What we're estabilshing in that signature is that the type of the return value will be the same as the type of the parameter, and that whatever that type is, there are constraints on what it might be. (Java doesn't have an analogue to Python's slicing, so I opted for Iterable<?> instead, which basically means "A sequence that can be iterated and we don't care what kind of objects are in that sequence.")

C++, meanwhile, has wrestled with this problem for decades, and its design committee fairly recently rolled out a new feature (in 2020) called concepts, intended to describe sets of types that all share some specific set of characteristics, so someone could write a function like our odd_indexes function above, allow it to work on the broadest possible variety of types, but have a clear and understandable error message when someone uses a type that isn't compatible. This turned out to be a thorny problem, particularly when trying to add it to a language that already had a decades-long history and already permitted a healthy level of flexibility, while lacking the ability to describe it formally.

Even if you've never learned anything about Java or C++ before — few of you will have learned both, and plenty of you will have learned neither — what I'm mainly trying to impress upon you is that there's complexity here. The point is that if we want type information to be specified (and especially if we want it to be enforced automatically, as it is in Java or C++), there's a tension between that desire and the desire to be able to write functions that are maximally flexible in terms of what they can safely handle; the more flexible our functions can be, the richer the notation we'll need to describe that flexibility accurately. Python allows us to write some very flexible functions indeed, but its notation (i.e., what we can write in a type annotation and what it's expected to mean) is still evolving in every new release as the community gains experience with it and finds places where it needs additional expressivity. (The open question is whether it will evolve into something too complex to be readily understandable; time will tell.)


Problem 5

There's enough complexity that this problem would probably best be divided into pieces, because we have two subproblems that we need to handle.

The second of these is an independent problem; if all we want to know is whether a line is valid, it doesn't matter where it came from. So, we should handle that in a separate function that's focused only on that narrow problem. Among other benefits, this allows us to test that function separately. The way we can detect this easily is to use the strip method on our line of text to throw away spaces, tabs, or newlines that appear on either end of the line; at that point, if there are any characters left, they're relevant, unless the first character is a # character, in which case the line entirely consists of a comment.


def is_line_of_code(line: str) -> bool:
    line = line.strip()

    return len(line) > 0 and not line.startswith('#')

At that point, we're left with a problem very similar to the "count lines in file" problem we solved in lecture and the line_count.py example from the Exceptions notes, with the main difference being that we need not to count lines that aren't considered lines of code.

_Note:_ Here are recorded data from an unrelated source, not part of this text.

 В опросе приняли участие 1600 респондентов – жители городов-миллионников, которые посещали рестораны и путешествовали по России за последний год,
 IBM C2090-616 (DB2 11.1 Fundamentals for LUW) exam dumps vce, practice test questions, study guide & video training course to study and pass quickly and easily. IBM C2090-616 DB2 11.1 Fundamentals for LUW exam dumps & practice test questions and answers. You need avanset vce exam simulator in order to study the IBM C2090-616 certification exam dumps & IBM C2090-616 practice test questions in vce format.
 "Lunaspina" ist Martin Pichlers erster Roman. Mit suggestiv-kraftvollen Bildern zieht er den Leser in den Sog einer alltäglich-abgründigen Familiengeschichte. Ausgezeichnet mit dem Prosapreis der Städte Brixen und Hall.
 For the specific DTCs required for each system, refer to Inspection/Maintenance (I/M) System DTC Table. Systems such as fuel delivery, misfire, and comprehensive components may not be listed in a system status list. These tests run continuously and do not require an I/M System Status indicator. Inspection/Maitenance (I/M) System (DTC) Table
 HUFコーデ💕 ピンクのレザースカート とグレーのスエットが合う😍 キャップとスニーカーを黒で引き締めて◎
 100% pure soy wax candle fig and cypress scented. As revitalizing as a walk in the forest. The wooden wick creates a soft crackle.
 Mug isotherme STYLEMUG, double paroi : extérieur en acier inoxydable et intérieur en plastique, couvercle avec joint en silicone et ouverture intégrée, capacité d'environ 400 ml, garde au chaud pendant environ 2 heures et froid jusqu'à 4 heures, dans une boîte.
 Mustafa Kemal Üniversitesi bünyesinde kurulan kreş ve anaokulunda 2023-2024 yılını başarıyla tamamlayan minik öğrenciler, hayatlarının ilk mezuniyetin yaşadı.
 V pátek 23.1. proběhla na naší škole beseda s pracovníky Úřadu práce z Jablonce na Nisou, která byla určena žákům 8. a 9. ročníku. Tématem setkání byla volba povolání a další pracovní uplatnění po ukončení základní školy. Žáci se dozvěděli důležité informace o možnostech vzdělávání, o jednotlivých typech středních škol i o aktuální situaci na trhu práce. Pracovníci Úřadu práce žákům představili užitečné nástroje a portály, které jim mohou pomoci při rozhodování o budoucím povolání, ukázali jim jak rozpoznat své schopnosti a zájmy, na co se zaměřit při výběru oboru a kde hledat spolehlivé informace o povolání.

def lines_of_code(script_path: pathlib.Path) -> int:
    script_file = None

    try:
        script_file = script_path.open('r')

        code_lines = 0

        for line in script_file:
            if is_line_of_code(line):
                code_lines += 1

        return code_lines
    finally:
        if script_file != None:
            script_file.close()

You may notice that we've got a try statement, but that we haven't actually caught any exceptions. This is in line with the problem's requirements, though, because what we want is two things:

  1. A failure to read the file to completion leads to the failure of the function. We don't care what kind of failure that is. For that reason, any exception can (and should) be allowed to propagate to the caller of this function.
  2. The file must be closed, even if reading the file fails at some point along the way. That's what the finally clause on the try statement ensures; it runs whether we've succeeded or failed.